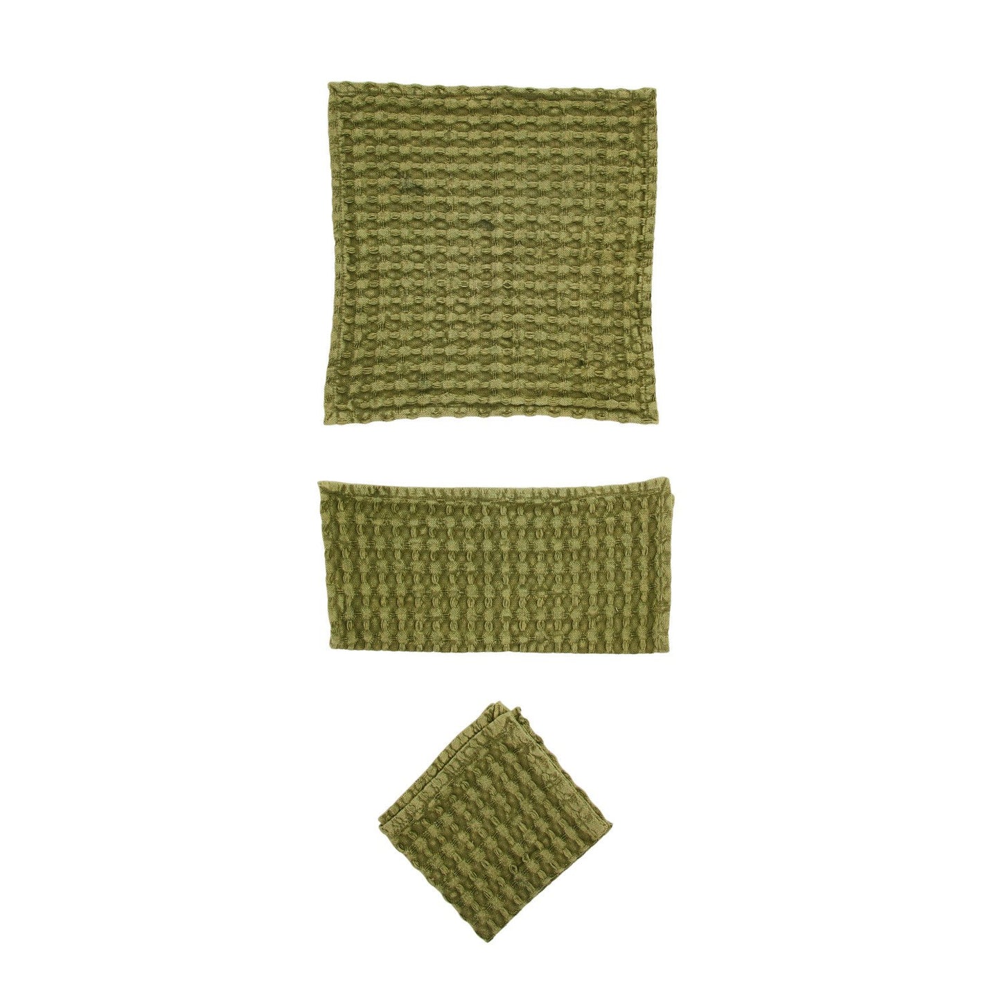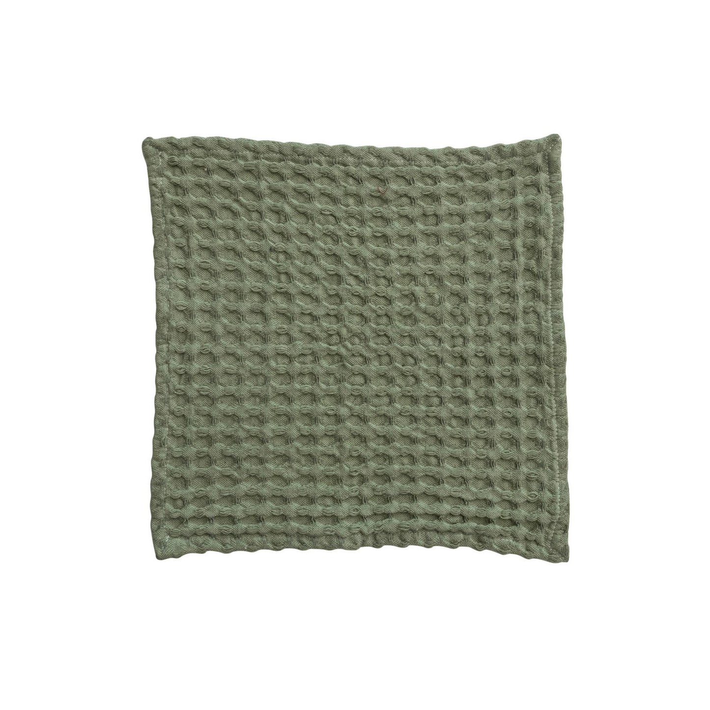 10-1/2" Square Stonewashed Cotton Waffle Weave Dish Cloths, Green, Set of 3
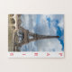A beautiful view of the Eiffel Tower in Paris in France from across the river Seine printed on a puzzle.
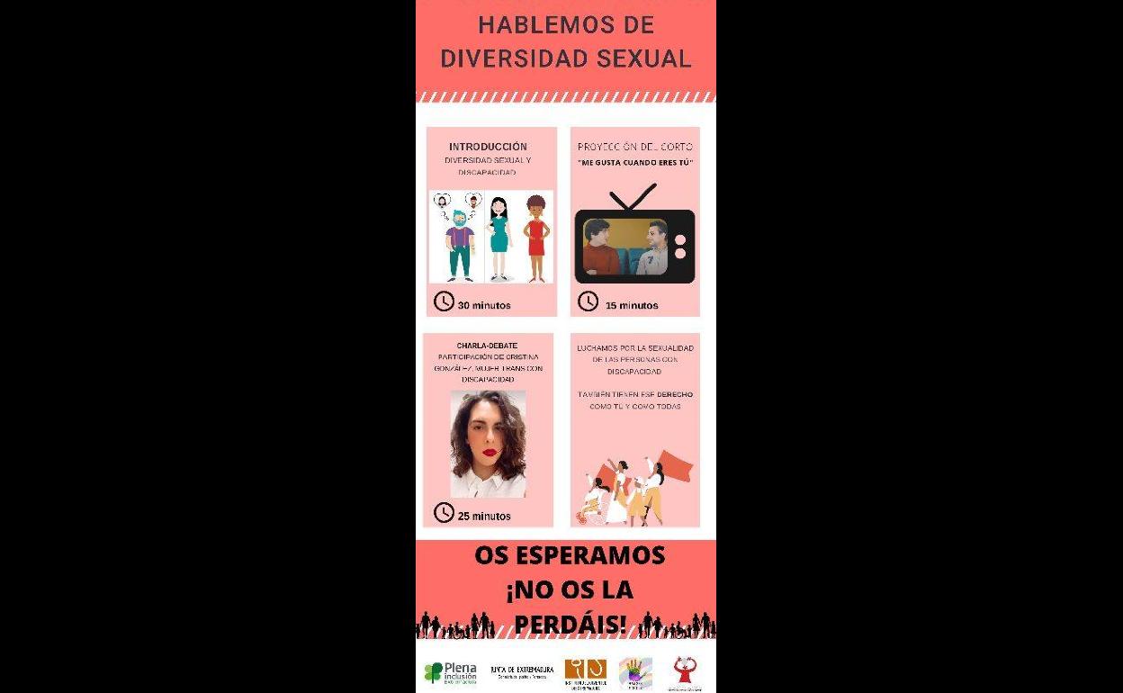 La programación dará comienzo a las 17.30 horas con una introducción sobre diversidad sexual y discapacidad, de 30 minutos de duración.
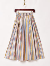 カラフルなストライプが目を惹くロングスカート。ウエストはゴム使用で着脱がしやすい一着です。
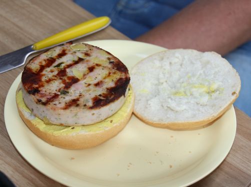 Abendessens das Womo abgefackelt. Die Riesenfrikadelle für Peter wars..... und
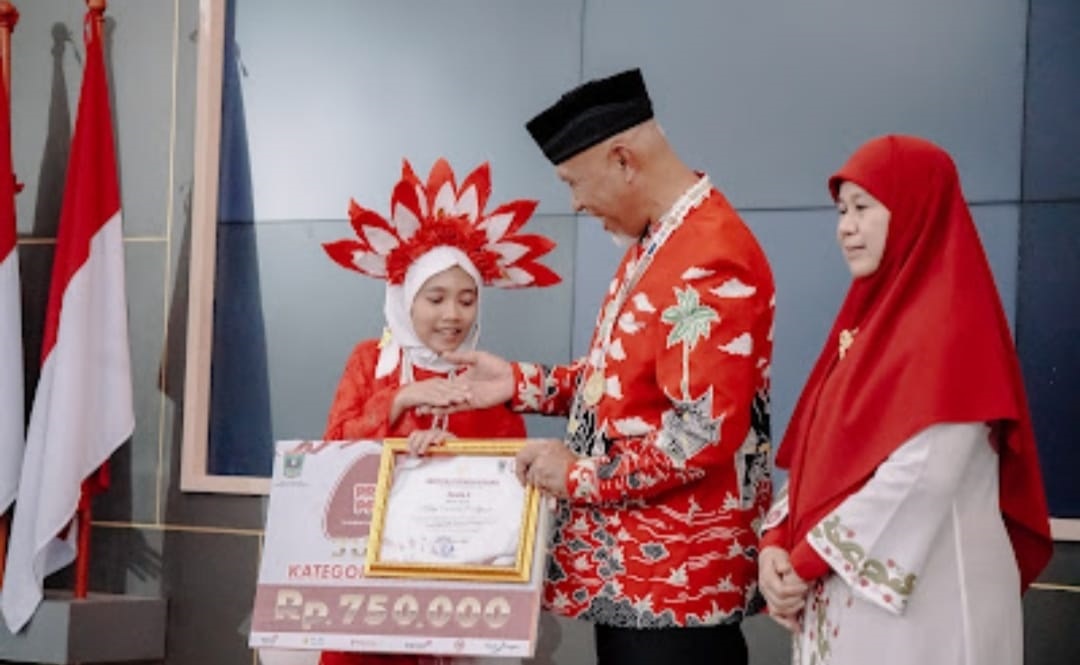 BIKIN BANGGA: Afiqa Carissa Makmur, peraih Juara ketiga Lomba Presenter, Penyiar dan MC menerima penghargaan dari Gubernur Sumbar, Mahyledi Ansharullah.(sumber : pemprov Sumbar)
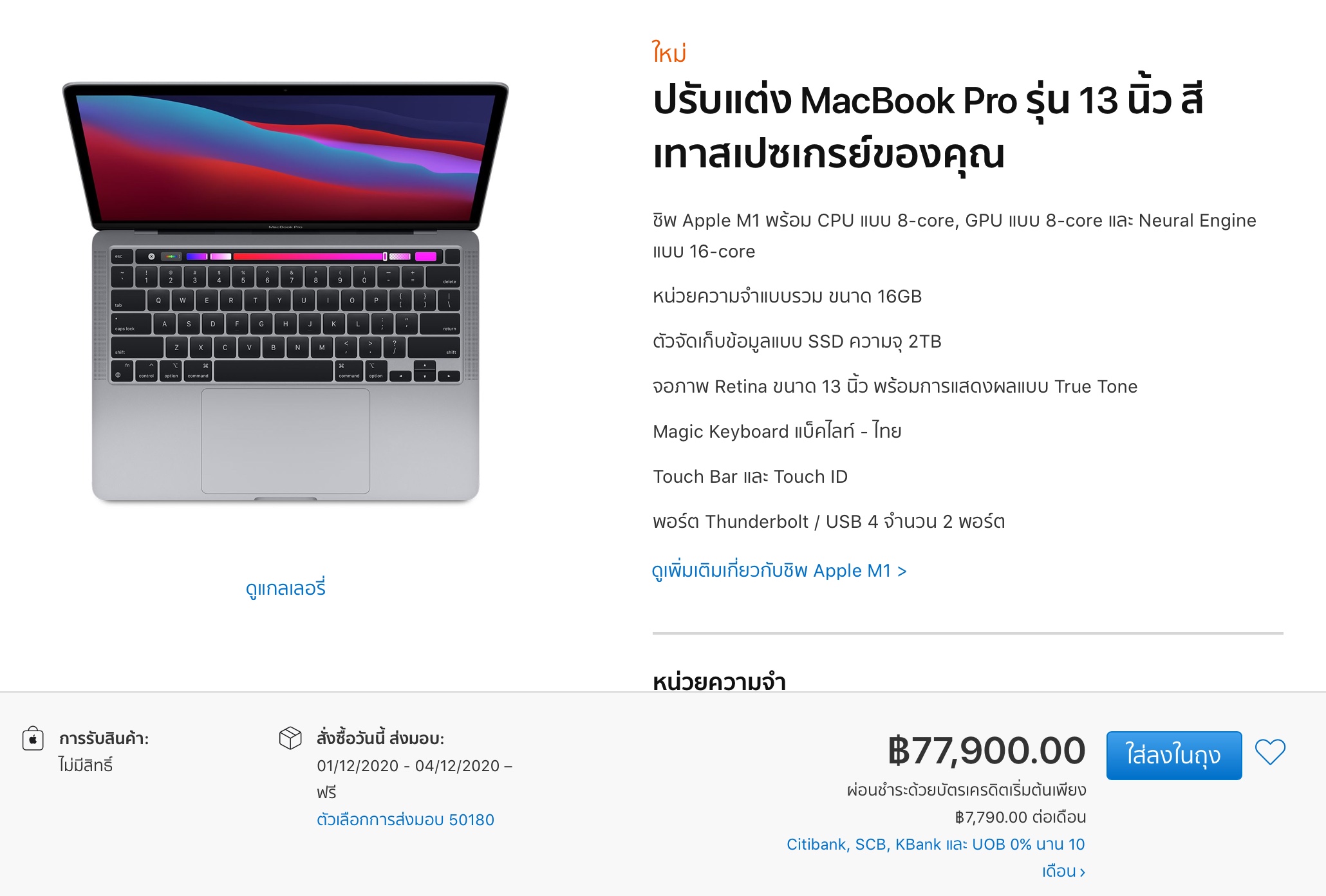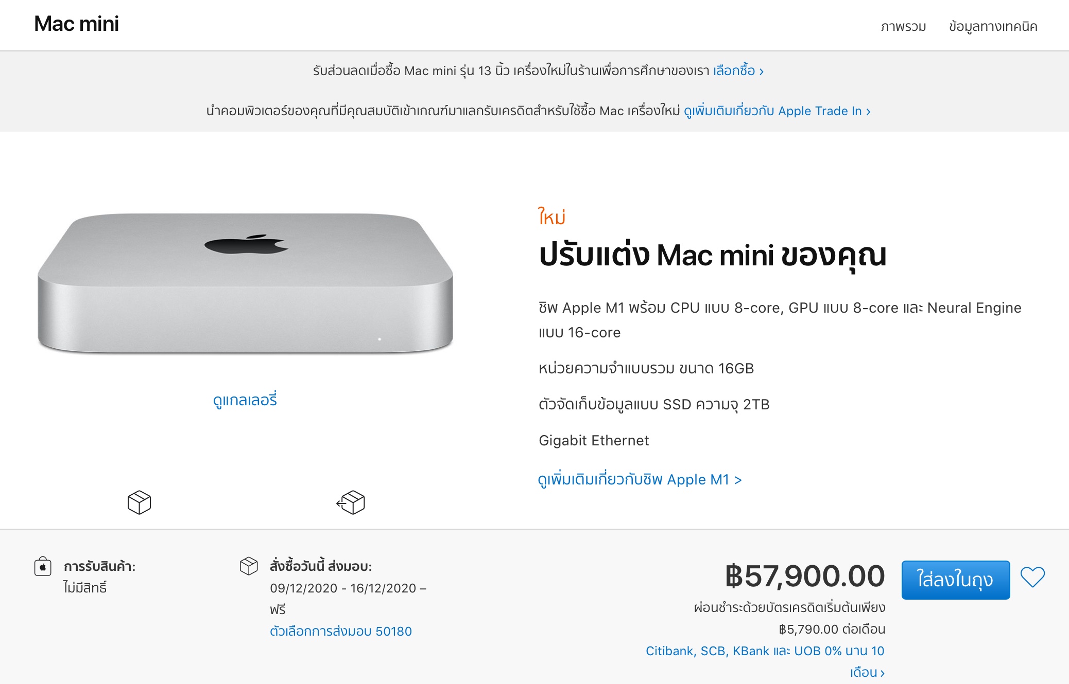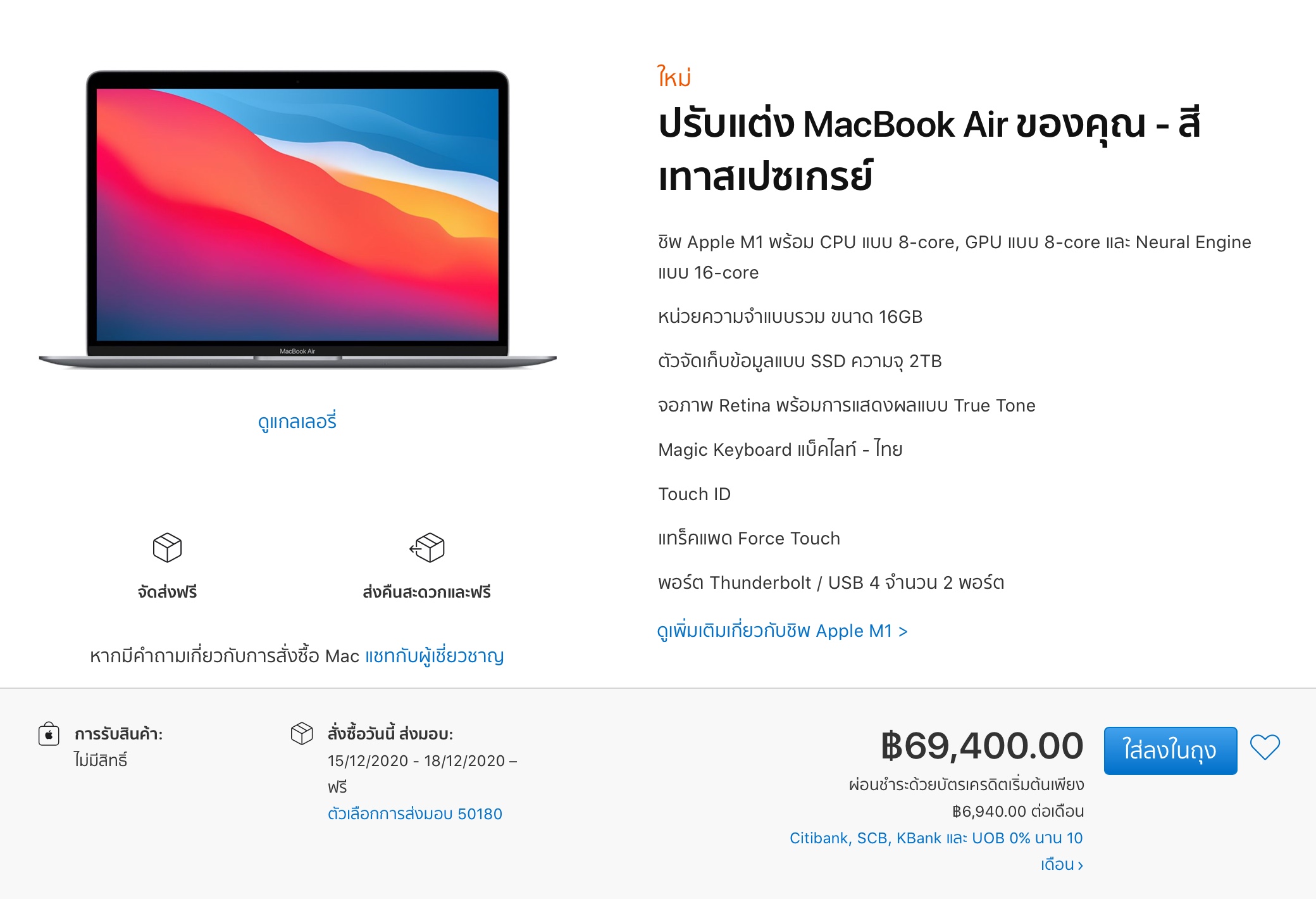 ลูกค้าสามารถกดสั่งซื้อ MacBook Air, MacBook Pro 13 นิ้ว, Mac mini รุ่นชิป M1 ได้แล้วที่ Apple Store ออนไลน์ไทย โดยวันรับสินค้าจะขึ้นอยู่กับการปรับแต่งของลูกค้าด้วย
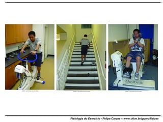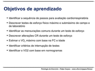 O documento descreve protocolos e procedimentos para testes de esforço cardiorrespiratório máximo e submáximo. Ele discute como medir variáveis como frequência cardíaca, consumo de oxigênio máximo e distância percorrida para avaliar a aptidão física de indivíduos. O documento também fornece diretrizes gerais para a interpretação dos resultados e a seleção segura de testes de acordo com fatores como idade e risco do avaliado.
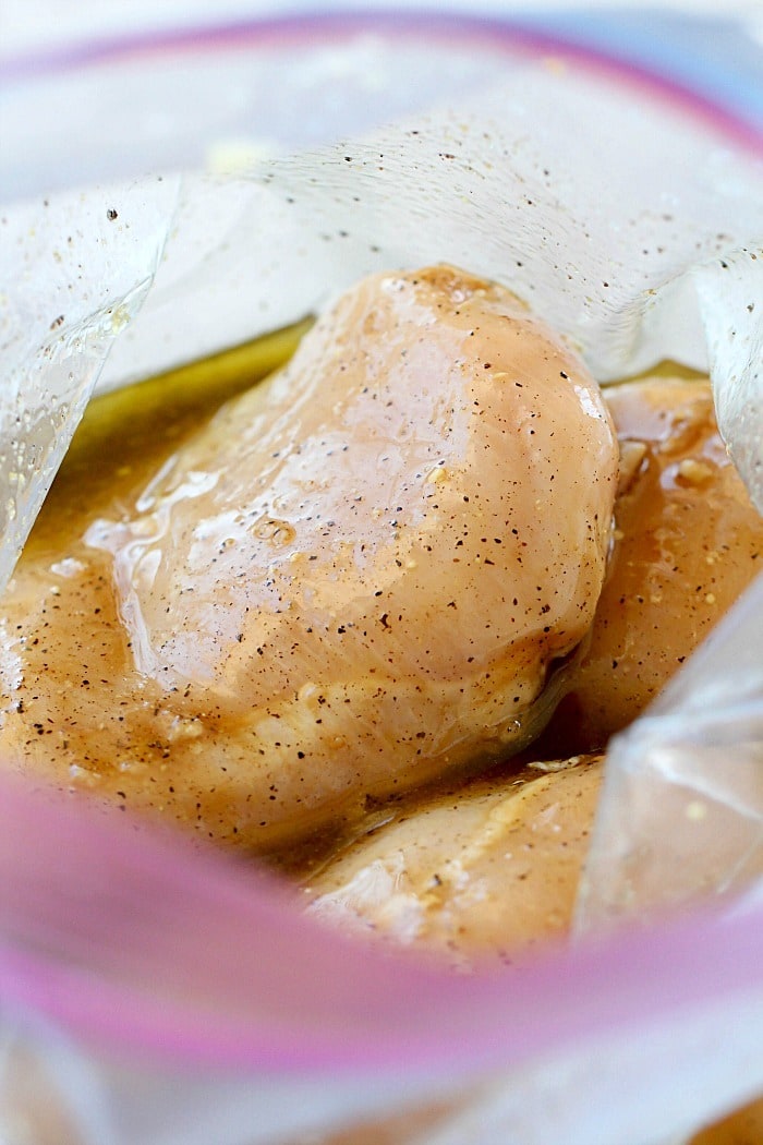 - Combine all ingredients into a large storage bag. Shake to combine all ingredients. Add chicken and marinate in refrigerator for several hours, or overnight.

═══

When you reach the line containing "Abendessens das Womo" in the entries above, begin restating word for word, and stop once the line containing "ลูกค้าสามารถกดสั่งซื้อ MacBook Air, MacBook" has been given. Omit the pictures.

Final answer:
 Abendessens das Womo abgefackelt. Die Riesenfrikadelle für Peter wars..... und
 BIKIN BANGGA: Afiqa Carissa Makmur, peraih Juara ketiga Lomba Presenter, Penyiar dan MC menerima penghargaan dari Gubernur Sumbar, Mahyledi Ansharullah.(sumber : pemprov Sumbar)
 ลูกค้าสามารถกดสั่งซื้อ MacBook Air, MacBook Pro 13 นิ้ว, Mac mini รุ่นชิป M1 ได้แล้วที่ Apple Store ออนไลน์ไทย โดยวันรับสินค้าจะขึ้นอยู่กับการปรับแต่งของลูกค้าด้วย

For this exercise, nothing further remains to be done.